Interface ChatModelConfig


public interface ChatModelConfig
  • Method Details

    • modelId

      @WithDefault("ibm/granite-20b-multilingual") String modelId()
      Model id to use.

      To view the complete model list, click here.

    • decodingMethod

      @WithDefault("greedy") String decodingMethod()
      Represents the strategy used for picking the tokens during generation of the output text. During text generation when parameter value is set to greedy, each successive token corresponds to the highest probability token given the text that has already been generated. This strategy can lead to repetitive results especially for longer output sequences. The alternative sample strategy generates text by picking subsequent tokens based on the probability distribution of possible next tokens defined by (i.e., conditioned on) the already-generated text and the top_k and top_p parameters.

      Allowable values: [sample,greedy]

    • lengthPenalty

      It can be used to exponentially increase the likelihood of the text generation terminating once a specified number of tokens have been generated.
    • maxNewTokens

      @WithDefault("200") Integer maxNewTokens()
      The maximum number of new tokens to be generated. The maximum supported value for this field depends on the model being used. How the "token" is defined depends on the tokenizer and vocabulary size, which in turn depends on the model. Often the tokens are a mix of full words and sub-words. Depending on the users plan, and on the model being used, there may be an enforced maximum number of new tokens.

      Possible values: ≥ 0

    • minNewTokens

      @WithDefault("0") Integer minNewTokens()
      If stop sequences are given, they are ignored until minimum tokens are generated.

      Possible values: ≥ 0

    • randomSeed

      Optional<Integer> randomSeed()
      Random number generator seed to use in sampling mode for experimental repeatability.

      Possible values: ≥ 1

    • stopSequences

      Optional<List<String>> stopSequences()
      Stop sequences are one or more strings which will cause the text generation to stop if/when they are produced as part of the output. Stop sequences encountered prior to the minimum number of tokens being generated will be ignored.

      Possible values: 0 ≤ number of items ≤ 6, contains only unique items

    • temperature

      @WithDefault("1.0") Double temperature()
      A value used to modify the next-token probabilities in sampling mode. Values less than 1.0 sharpen the probability distribution, resulting in "less random" output. Values greater than 1.0 flatten the probability distribution, resulting in "more random" output. A value of 1.0 has no effect.

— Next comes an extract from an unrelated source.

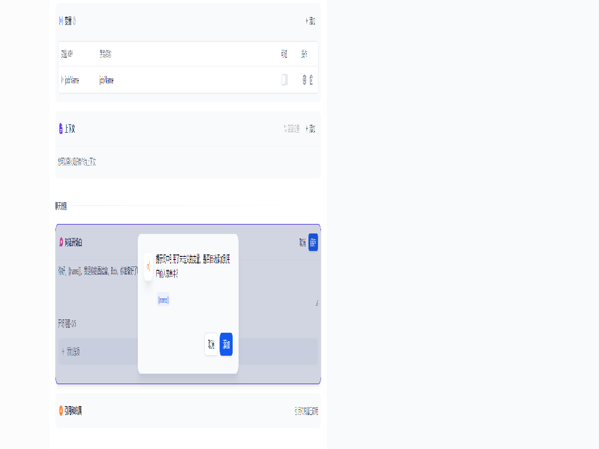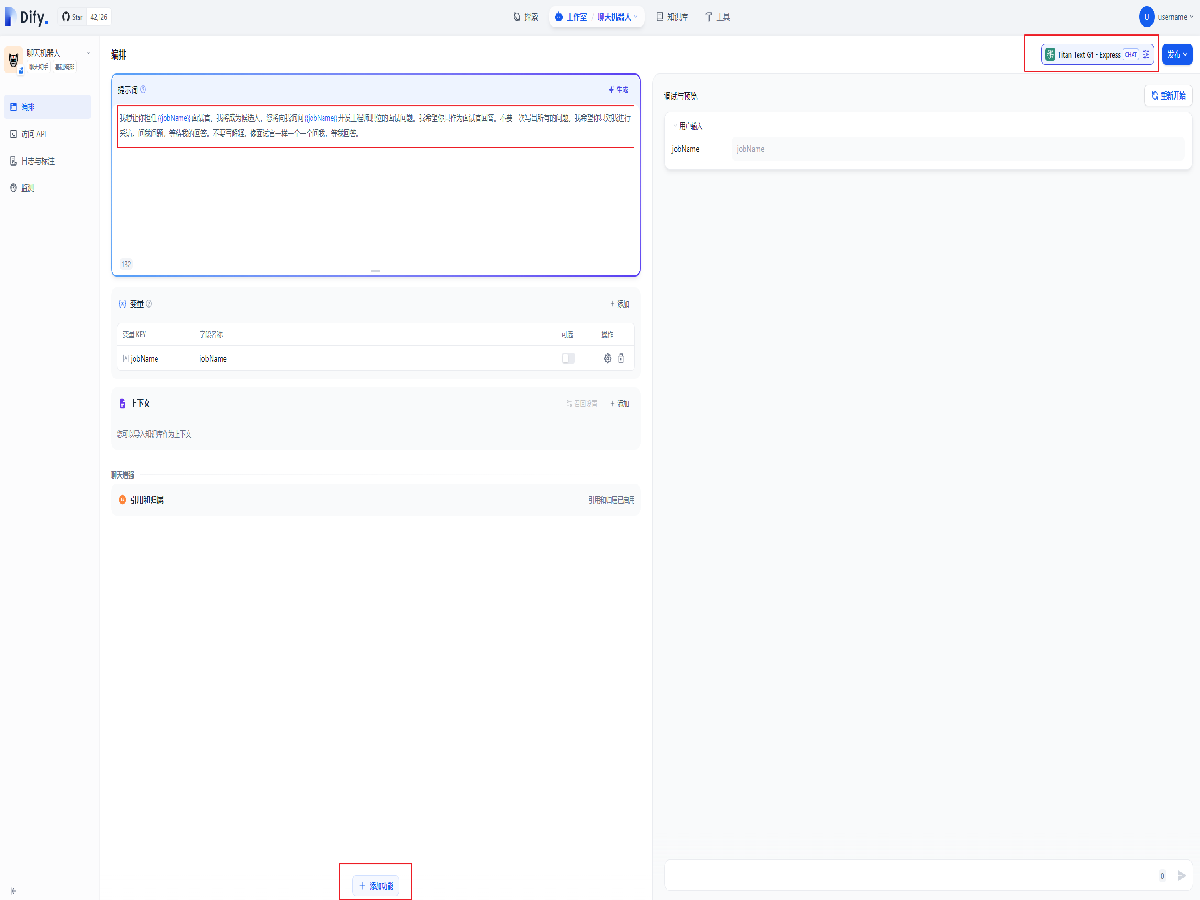 在编排页面中,添加提示词如下,并确认添加变量 jobName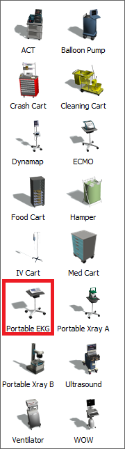 - 在库中的医疗保健组下,单击设备对象以打开位置对象菜单。将一个便携式心电图机对象拖入模型。

      Possible values: 0 ≤ value ≤ 2

    • topK

      Optional<Integer> topK()
      The number of highest probability vocabulary tokens to keep for top-k-filtering. Only applies for sampling mode. When decoding_strategy is set to sample, only the top_k most likely tokens are considered as candidates for the next generated token.

      Possible values: 1 ≤ value ≤ 100

    • topP

      Optional<Double> topP()
      Similar to top_k except the candidates to generate the next token are the most likely tokens with probabilities that add up to at least top_p. Also known as nucleus sampling. A value of 1.0 is equivalent to disabled.

      Possible values: 0 < value ≤ 1

    • repetitionPenalty

      Optional<Double> repetitionPenalty()
      Represents the penalty for penalizing tokens that have already been generated or belong to the context. The value 1.0 means that there is no penalty.

      Possible values: 1 ≤ value ≤ 2

    • truncateInputTokens

      Optional<Integer> truncateInputTokens()
      Represents the maximum number of input tokens accepted. This can be used to avoid requests failing due to input being longer than configured limits. If the text is truncated, then it truncates the start of the input (on the left), so the end of the input will remain the same. If this value exceeds the maximum sequence length (refer to the documentation to find this value for the model) then the call will fail if the total number of tokens exceeds the maximum sequence length. Zero means don't truncate.

      Possible values: ≥ 0

    • includeStopSequence

      Optional<Boolean> includeStopSequence()
      Pass false to omit matched stop sequences from the end of the output text. The default is true, meaning that the output will end with the stop sequence text when matched.
    • logRequests

      @ConfigDocDefault("false") @WithDefault("${quarkus.langchain4j.watsonx.log-requests}") Optional<Boolean> logRequests()
      Whether chat model requests should be logged.
    • logResponses

      @ConfigDocDefault("false") @WithDefault("${quarkus.langchain4j.watsonx.log-responses}") Optional<Boolean> logResponses()
      Whether chat model responses should be logged.